Exactly the lines from the one with "Alicia Keys w" through the final line of the entries, and nothing else, should appear in the answer; no pictures go in it.

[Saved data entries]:
------------------------------------

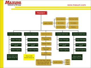 This company presentation provides an overview of Maxuni, a mold manufacturing company with offices in China, Germany, and plans to open an office in North America. It summarizes Maxuni's international team, projects, customers, facilities, equipment, processes, and key metrics such as 2008 sales and employee numbers. Maxuni aims to provide high quality molds for automotive and packaging industries using automated manufacturing systems and international project management.
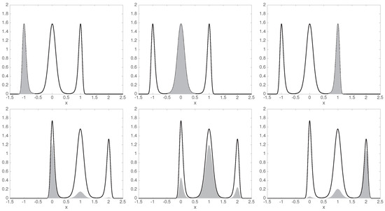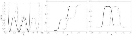 where the potential W now depends explicitly on time t. In this case, a lag time is not sufficient to parametrize the statistical evolution of the system, because we need to know when we start the evolution. Thus, transition density functions need two time parameters, e.g., denotes the distribution of conditional to . Similarly, the transfer operators are parametrized by two times as well, e.g., propagates probability densities from initial time s to final time t (alternatively, from initial time s for lag time ). To simplify notation, we will settle for some initial and final times, and drop these two time parameters, as they stay fixed.
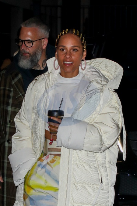 Alicia Keys w bialej, puchowej kurtce i w kolorowych spodniach wraca z NRJ Radio
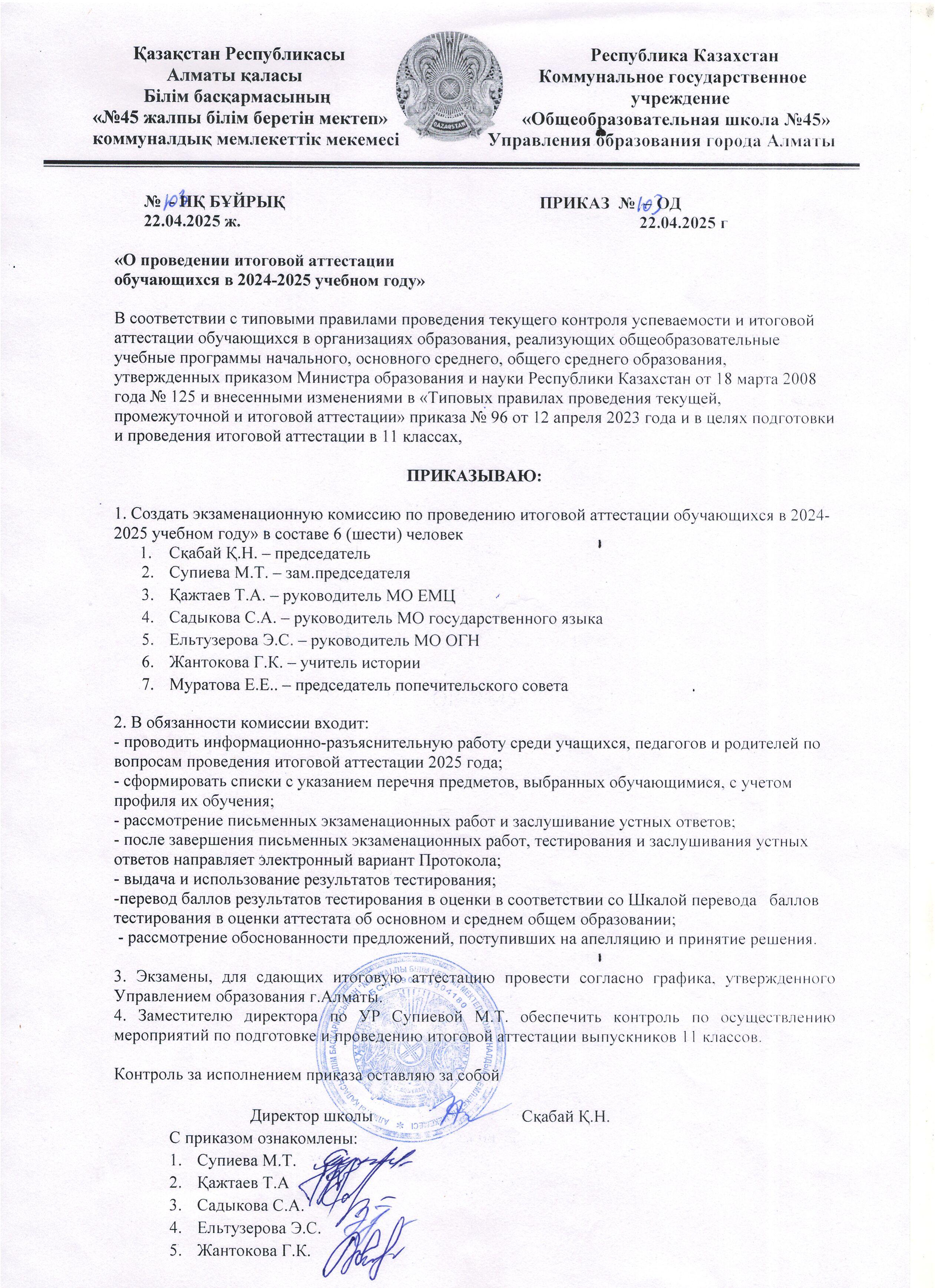 2024-2025 оқу жылындағы 9-11 сынып оқушыларын қорытынды аттестаттауды өткізу туралы бұйрық. Приказ о создании и проведении ИА обучающихся в 2024-2025 учебном году
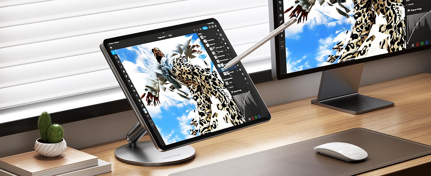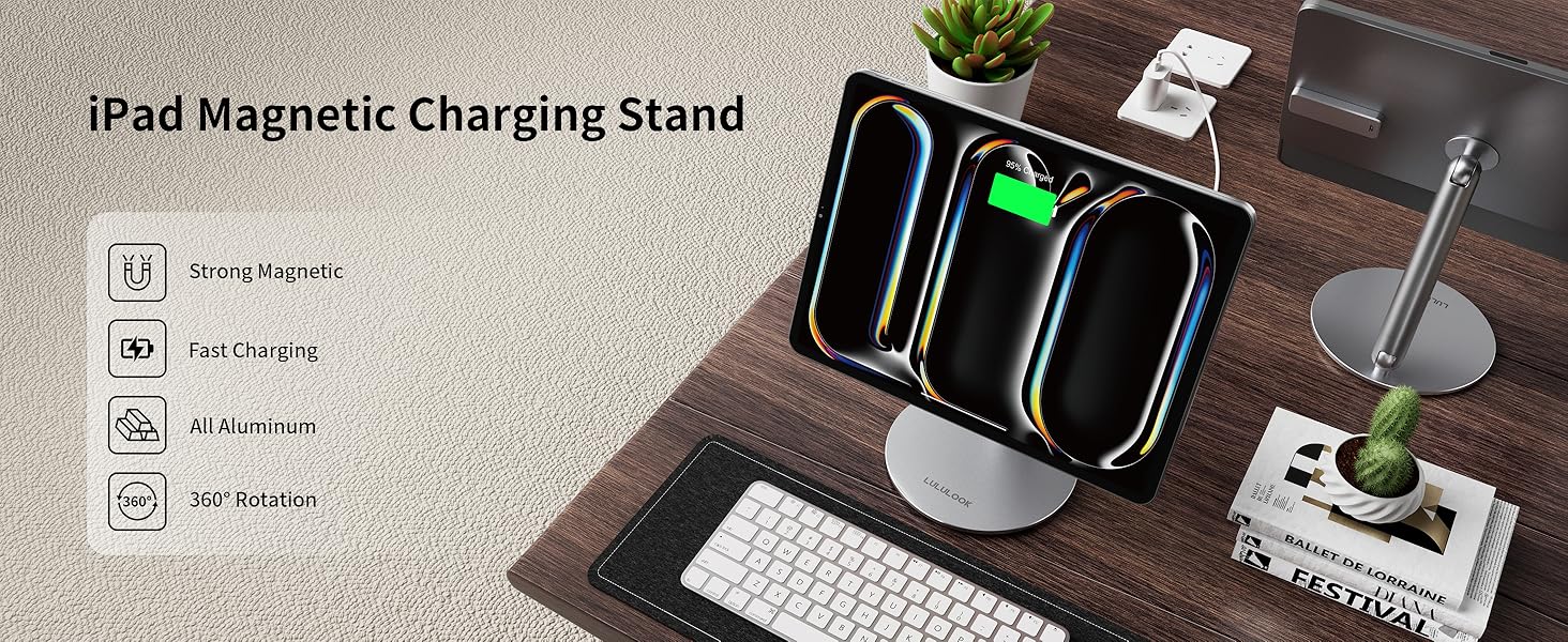 LULULOOK Wireless Charging Magnetic Stand Only for iPad Pro 11 inch M4(2024),360°Adjustable Desk Stand Foldable Aluminium Tablet Stand for iPad Pro 11″ M4(1M USB C Cable Included)

------------------------------------

[Solution for this task]:
 Alicia Keys w bialej, puchowej kurtce i w kolorowych spodniach wraca z NRJ Radio
 2024-2025 оқу жылындағы 9-11 сынып оқушыларын қорытынды аттестаттауды өткізу туралы бұйрық. Приказ о создании и проведении ИА обучающихся в 2024-2025 учебном году
 LULULOOK Wireless Charging Magnetic Stand Only for iPad Pro 11 inch M4(2024),360°Adjustable Desk Stand Foldable Aluminium Tablet Stand for iPad Pro 11″ M4(1M USB C Cable Included)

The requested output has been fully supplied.